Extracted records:
——
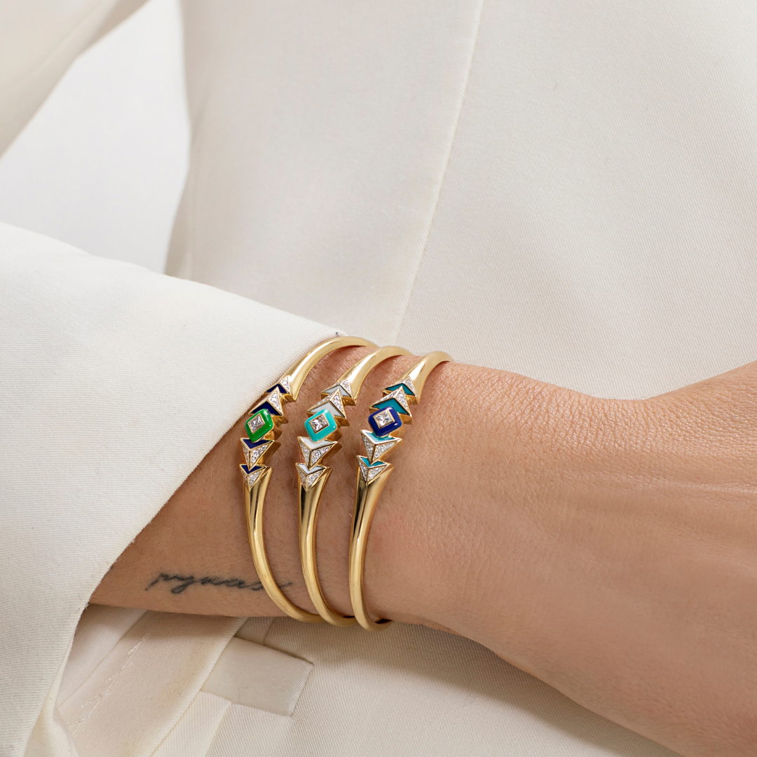 18kt yellow gold bangle with triangle shapes crafted with royal blue enamel, set with white Diamonds and cubic shape in the center coated with emerald green enamel set with a princess cut Diamond.
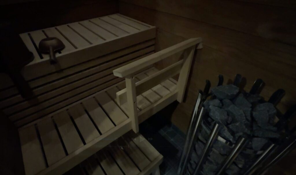 一度に2~3人入れる広さで、ロウリュもできるようになっており、手軽に本格的なサウナが楽しめます。さすがフィンランド!
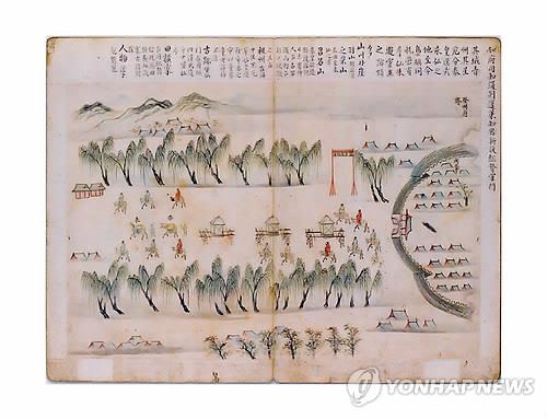 | △ (선양=연합뉴스) 홍창진 특파원 = 임기중 동국대 명예교수는 17일 중국 선양에서 열린 제2회 한중 사행단 문화축제 국제학술포럼에서 연행록(조선시대 중국으로 파견된 사신이나 수행원의 기행문)의 유네스코 세계기록유산 등재 신청 필요성을 주장했다. 사진은 조선 시대 사신이 바닷길로 중국에 가는 여정을 그림으로 표현한 '제항승람'의 한 페이지로 임 명예교수가 2013년 펴낸 '연행록 총간 증보판'에 수록됐다. (연합뉴스 DB) realism@yna.co.kr |
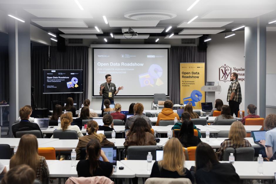 Participants during a session on the open data roadshow for journalism and business students in Lviv, 23 September 2025.
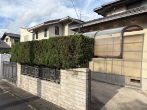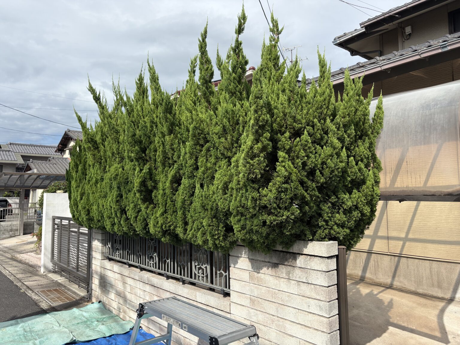 今回のご依頼主様宅でも2本のコニファーがご自宅の窓を遮るほどに葉を茂らせていました。このままでは風通しが悪くなり、内側の枝が枯れてしまう「蒸れ」の原因にもなるため、剪定が必要な状態でした。
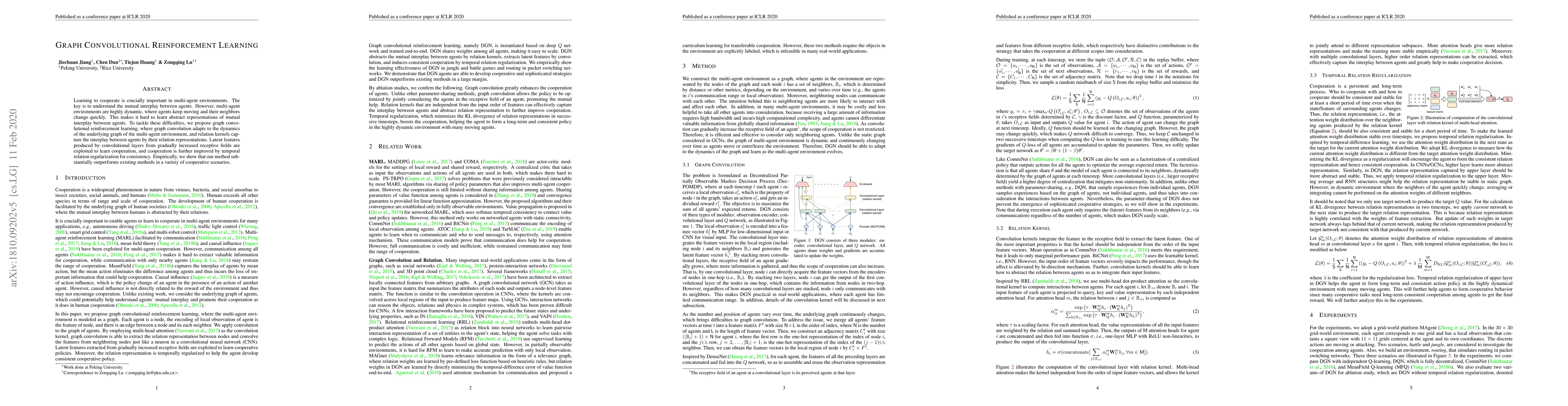 This paper proposes graph convolutional reinforcement learning to tackle the challenges of cooperation in dynamic multi-agent environments. The method leverages graph convolutions to adapt to the changing graph structure and relation kernels to capture agent interactions, achieving superior performance over existing methods in cooperative tasks.
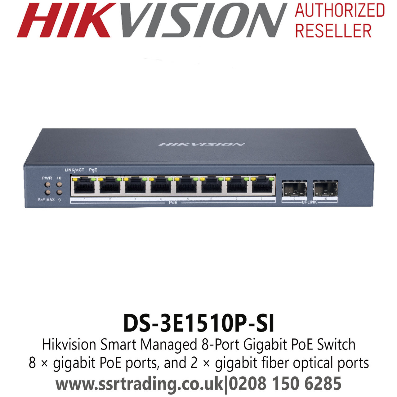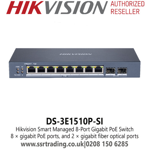 DS-3E1510P-SI Hikvision 8 Port Gigabit PoE Switch, 8 × Gigabit PoE Ports, and 2 × Gigabit Fiber Optical Ports, 6 KV Surge Protection For PoE Ports
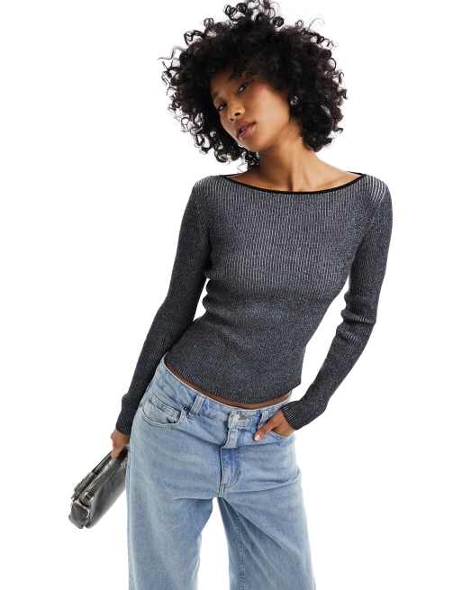 Monki – Krótki dzianinowy top w czarno-białe paski
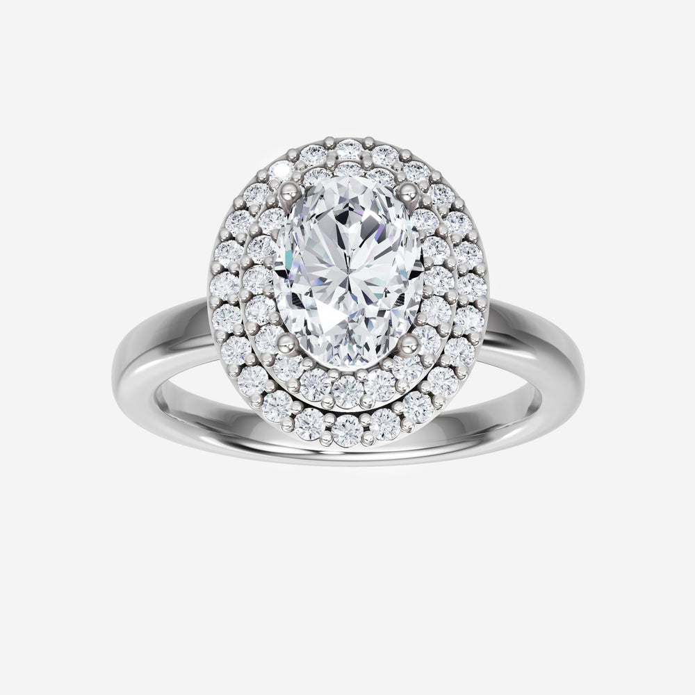 You’ve designed a ring that reflects lasting elegance and grace! Crafted from 18k White Gold, this exquisite Oval lab-grown diamond is the centerpiece of this unique design. This Basic Plain Shank with a Double Halo head showcases the brilliance of the Oval diamond, creating a timeless look. Ideal for those who seek both beauty and meaning, this ring will stand as a testament to cherished memories.
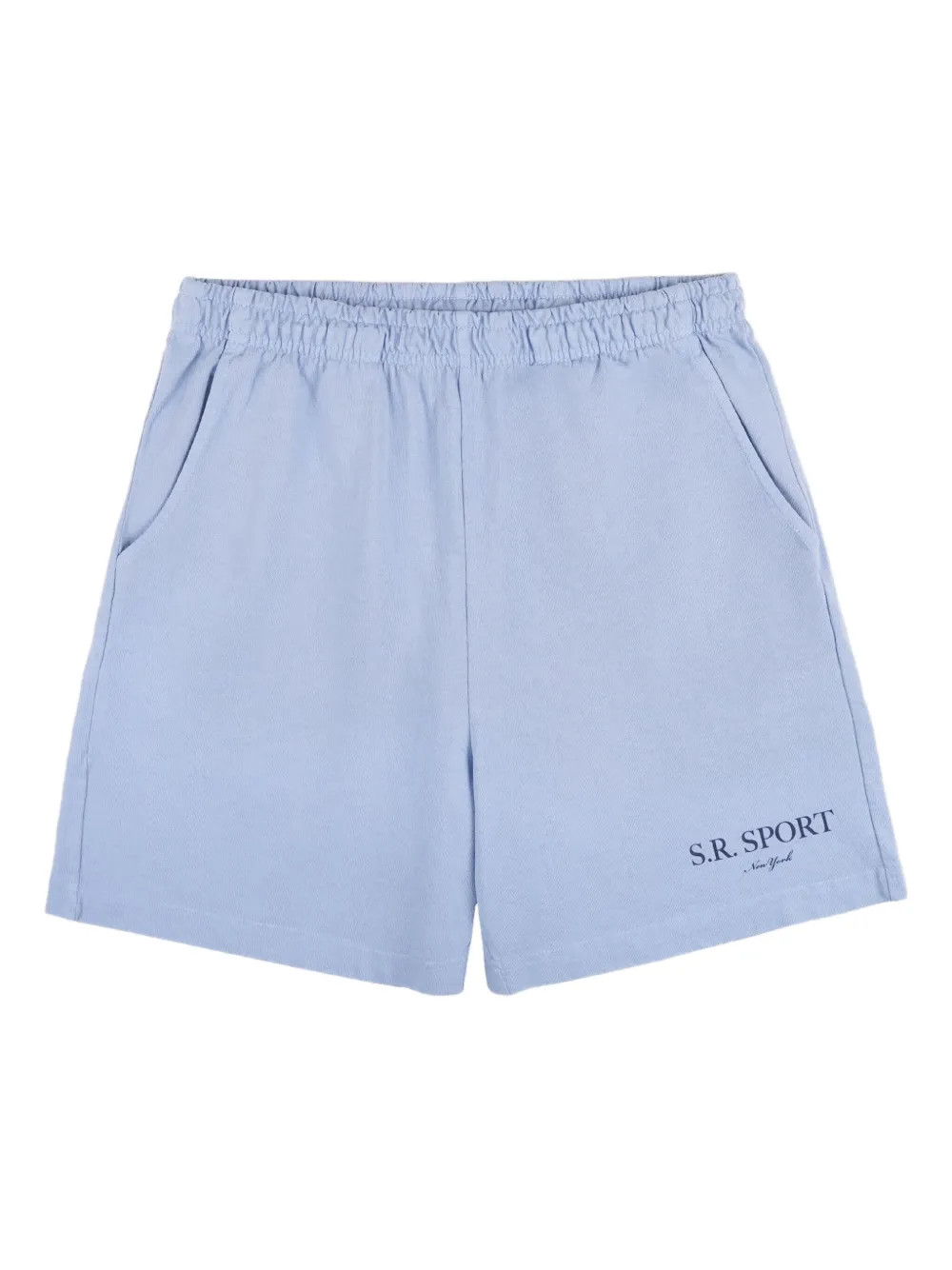 bleu ciel ceinture élastique poches latérales fendues poche arrière plaquée logo imprimé sur le devant
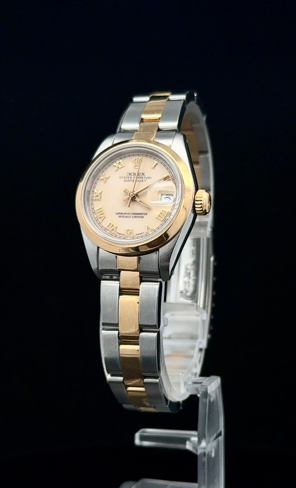 Marca Rolex Modello (Orologio) Lady-Datejust Numero di referenza 69163 Carica Automatico Materiale della cassa Oro/Acciaio Materiale cinturino Oro/acciaio Anno di produzione 1990 Condizione Ottimo (di seconda mano, segni di usura assenti o appena visibili) Corredo documenti originali, no box Calibro Carica Automatico Materiale della cassa Oro/Acciaio Diametro 26 mm Impermeabile 10 ATM Materiale lunetta Oro giallo Vetro Vetro zaffiro Quadrante Bianco Cinturino Materiale cinturino Oro/acciaio Colore cinturino Oro/acciaio Chiusura Déployante Materiale chiusura Acciaio Funzioni Data - COMMISSIONE D’ASTA 25% - SEGUI IL LIVE SUL NOSTRO CANALE YOUTUBE https://www.youtube.com/@veronikwatches/streams
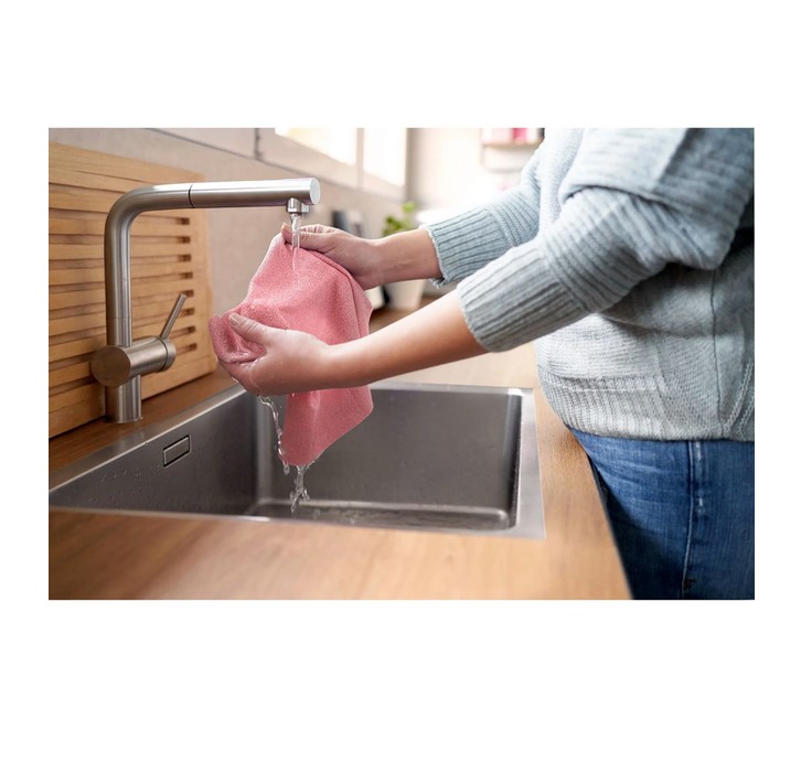Микрофибърната кърпа Vileda Actifibre Soft притежава отлични почистващи свойства. Подходяща e за почистване на всякакви повърхности в кухнята. Vileda Actifibre Soft почиства и изсушава повърхностите само с едно забърсване. Изработена е от 100% микрофибърен текстил с полиуретаново покритие за максимално почистване и абсорбация. Меката кърпа Actifibre абсорбира и задържа перфектно течностите, оставяйки повърхността чиста и без ивици и петна. Специалното полиуретаново покритие прави кърпата много лесна за изплакване. Микрофибърната кърпа Vileda Actifibre Soft е мека и деликатна на допир, както суха, така и мокра.
——
= REQUIRED WORK =
Please repeat the records above exactly, leaving every picture out.

= YOUR SOLUTION =
 18kt yellow gold bangle with triangle shapes crafted with royal blue enamel, set with white Diamonds and cubic shape in the center coated with emerald green enamel set with a princess cut Diamond.
 一度に2~3人入れる広さで、ロウリュもできるようになっており、手軽に本格的なサウナが楽しめます。さすがフィンランド!
 | △ (선양=연합뉴스) 홍창진 특파원 = 임기중 동국대 명예교수는 17일 중국 선양에서 열린 제2회 한중 사행단 문화축제 국제학술포럼에서 연행록(조선시대 중국으로 파견된 사신이나 수행원의 기행문)의 유네스코 세계기록유산 등재 신청 필요성을 주장했다. 사진은 조선 시대 사신이 바닷길로 중국에 가는 여정을 그림으로 표현한 '제항승람'의 한 페이지로 임 명예교수가 2013년 펴낸 '연행록 총간 증보판'에 수록됐다. (연합뉴스 DB) realism@yna.co.kr |
 Participants during a session on the open data roadshow for journalism and business students in Lviv, 23 September 2025.
 今回のご依頼主様宅でも2本のコニファーがご自宅の窓を遮るほどに葉を茂らせていました。このままでは風通しが悪くなり、内側の枝が枯れてしまう「蒸れ」の原因にもなるため、剪定が必要な状態でした。
 This paper proposes graph convolutional reinforcement learning to tackle the challenges of cooperation in dynamic multi-agent environments. The method leverages graph convolutions to adapt to the changing graph structure and relation kernels to capture agent interactions, achieving superior performance over existing methods in cooperative tasks.
 DS-3E1510P-SI Hikvision 8 Port Gigabit PoE Switch, 8 × Gigabit PoE Ports, and 2 × Gigabit Fiber Optical Ports, 6 KV Surge Protection For PoE Ports
 Monki – Krótki dzianinowy top w czarno-białe paski
 You’ve designed a ring that reflects lasting elegance and grace! Crafted from 18k White Gold, this exquisite Oval lab-grown diamond is the centerpiece of this unique design. This Basic Plain Shank with a Double Halo head showcases the brilliance of the Oval diamond, creating a timeless look. Ideal for those who seek both beauty and meaning, this ring will stand as a testament to cherished memories.
 bleu ciel ceinture élastique poches latérales fendues poche arrière plaquée logo imprimé sur le devant
 Marca Rolex Modello (Orologio) Lady-Datejust Numero di referenza 69163 Carica Automatico Materiale della cassa Oro/Acciaio Materiale cinturino Oro/acciaio Anno di produzione 1990 Condizione Ottimo (di seconda mano, segni di usura assenti o appena visibili) Corredo documenti originali, no box Calibro Carica Automatico Materiale della cassa Oro/Acciaio Diametro 26 mm Impermeabile 10 ATM Materiale lunetta Oro giallo Vetro Vetro zaffiro Quadrante Bianco Cinturino Materiale cinturino Oro/acciaio Colore cinturino Oro/acciaio Chiusura Déployante Materiale chiusura Acciaio Funzioni Data - COMMISSIONE D’ASTA 25% - SEGUI IL LIVE SUL NOSTRO CANALE YOUTUBE https://www.youtube.com/@veronikwatches/streams
Микрофибърната кърпа Vileda Actifibre Soft притежава отлични почистващи свойства. Подходяща e за почистване на всякакви повърхности в кухнята. Vileda Actifibre Soft почиства и изсушава повърхностите само с едно забърсване. Изработена е от 100% микрофибърен текстил с полиуретаново покритие за максимално почистване и абсорбация. Меката кърпа Actifibre абсорбира и задържа перфектно течностите, оставяйки повърхността чиста и без ивици и петна. Специалното полиуретаново покритие прави кърпата много лесна за изплакване. Микрофибърната кърпа Vileda Actifibre Soft е мека и деликатна на допир, както суха, така и мокра.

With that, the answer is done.